Because of this variety, what worked for a friend or forum poster may not be the right move for you.
Today’s Angle: What’s “New” or Trending for Hip Pain?
Recent conversations in clinics and online spaces focus on combining lifestyle changes with targeted, minimally invasive options instead of jumping straight to major surgery.
Some current talking points:
- Greater emphasis on early physical therapy and movement‑based care rather than prolonged rest.
- Growing interest in PRP and biologic injections, though research is still catching up and access/cost can be issues.
- More attention to hip pain in younger active people (runners, lifters, weekend athletes) and how to modify training rather than “just stop.”
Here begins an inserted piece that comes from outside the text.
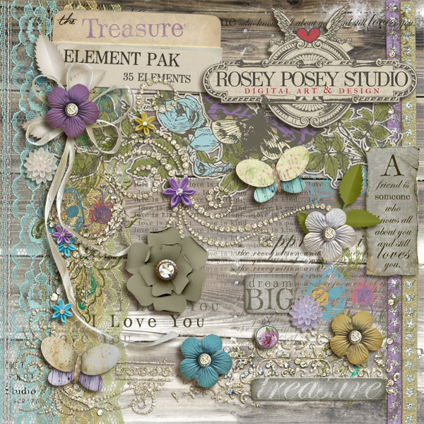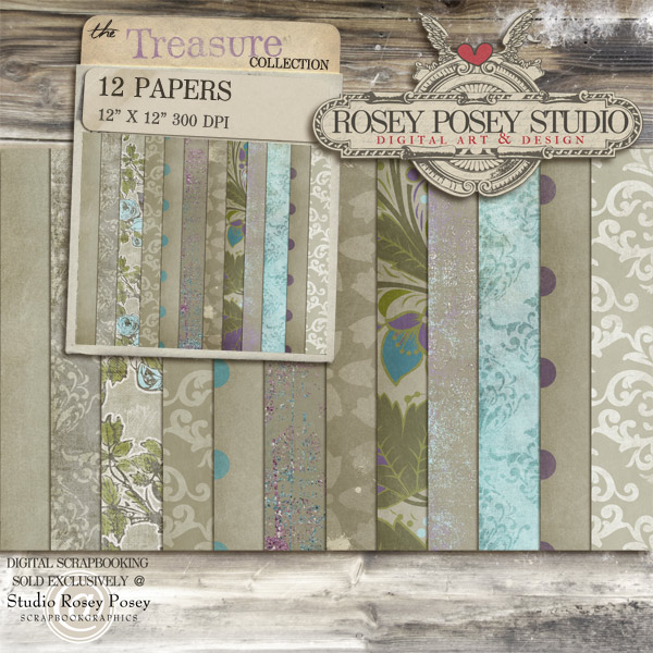 I was so happy and thrilled to know that I Won the prize from Studio Rosey Posey yesterday (10/7). The New Collection, The Treasure Collection, is AWESOME! You will see why. You can do lots of beautiful layouts to keep your most treasures, your memories of family, friends and even things that you want to remember for life time.

In 2026, the general trend is: move smarter, treat early, and use injections or surgery more selectively as part of a broader plan.
Example: A Common Hip Pain Story
You’re in your mid‑30s or 40s, doing more walking, running, or gym work this year. After a few weeks, a dull ache starts deep in your groin or side of your hip. It hurts more after long days or hard workouts but eases with rest. You ice it occasionally and take the odd painkiller, but it keeps coming back.
In many cases like this, the plan might be:
- Scale back high‑impact activity; switch temporarily to cycling/swimming.
- Start a structured strengthening/stretch program focused on hips and core (possibly with a physical therapist).
- Use short‑term ice/heat and OTC meds if safe.
- See a doctor if pain persists beyond 2–4 weeks, worsens, or limits sleep or daily tasks.
Quick “What To Do For Hip Pain” Checklist
You can think of it as three steps:
- At Home (First 1–2 Weeks, If No Red Flags)
- Relative rest, ice/heat, gentle stretching, OTC meds if safe, and simple activity changes.
- If It’s Not Improving or Keeps Returning
- Book an appointment with your primary doctor, sports doctor, or orthopaedic specialist.
- Ask about physical therapy and whether imaging is needed.
- If Pain Is Severe, Sudden, or With Warning Signs
- Treat as urgent: emergency/urgent care right away.
Bottom note: Information gathered from public forums or data available on the internet and portrayed here.